To evaluate the performance of M-DHIN, the present invention utilizes a grid search to find the best experimental configuration. Specifically, the node and metagraph embedding dimension is selected from {32,64,128,256}, the learning rate in SGD is selected from {0.01,0.02,0.025,0.05,0.1}, the negative sampling ratio is selected from {3,4,5,6,7}, the number of layers of the auto-encoder is selected from {2,3,4}, the number of layers of the LSTM is selected from {2,3,4}, and the training period is selected from {5,10,15,20,25,30,35,40 }. To balance effectiveness and efficiency, the present invention selects the following configurations to generate the experimental results reported in the following sections. The embedding dimension is set to 128, the learning rate is set to 0.025, the negative sampling rate is set to 5 (i.e., 5 negative samples per positive sample), the number of levels in the autoencoder and the number of levels in the LSTM are both set to 2, and the number of training sessions is set to 20.
All experiments were performed on a 64-bit Ubuntu 16.04.1LTS system with an Intel (R) core (TM) i9-7900X CPU, 64GB RAM, and 8GB of GTX-1080GPU memory.
The stability of M-DHIN was measured by parameter sensitivity analysis and statistical significance was reported using paired two-tailed t-tests.
The anomaly detection task is to detect newly arriving nodes or edges that do not belong to an existing cluster. The invention uses a k-means clustering algorithm to generate clusters based on dynamic HIN, and then uses exception injection to create exception nodes and edges.
Specifically, the present invention injects 1% and 5% anomalies to build the test data set. The present invention uses area under the curve (AUC) scores to evaluate the performance of all models. Higher AUC scores represent better performance.
Table 3 shows the experimental results of the model.
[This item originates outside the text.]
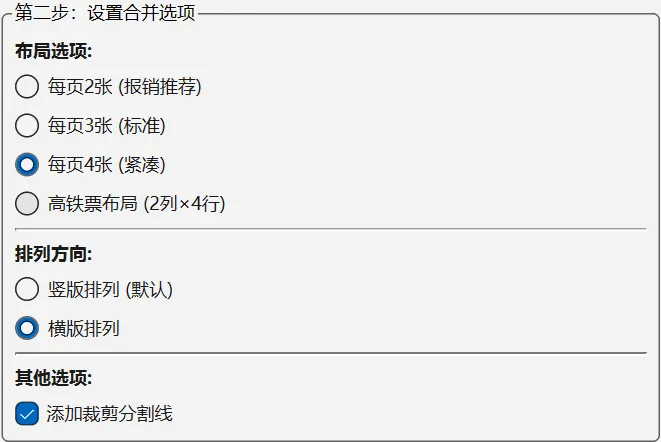 设置合并选项时能调发票布局——每页放2张、3张还是4张都行,排列方向也能选竖版或横版,按你打印机习惯来,省得后期裁切。

M-DHIN was significantly better than the other benchmarks when both 1% and 5% of the abnormalities were detected in each dataset. metapath2Vec and MetaGraph2Vec outperform the isomorphic static network models DeepWalk and node2Vec, indicating that meta-path is more powerful than random walks in identifying anomalies because it defines some relationships, is more sensitive to outliers, and random walks are equal for each node. As described above, MetaGraph2Vec is actually a meta-path based model because it simply combines meta-paths. Change2vec outperforms DynGEM and dynagraph 2vec because meta-paths are more expressive than the adjacency matrix of the node neighborhood. The adjacency matrix cannot describe the specific relationship between the nodes; it only describes the existence of nodes and edges and treats them equally and is therefore not valid in anomaly detection. Note that M-DHIN-MG is superior to Change2vec, which confirms that the GRAMI generated metagraph of the present invention is more sensitive to anomalies than meta-paths, because metagraphs can express a greater number of relationship information than meta-paths. The performance of M-DHIN is even better than that of M-DHIN-MG, which the present invention attributes to using historical information to help identify whether newly arrived nodes or edges are anomalous.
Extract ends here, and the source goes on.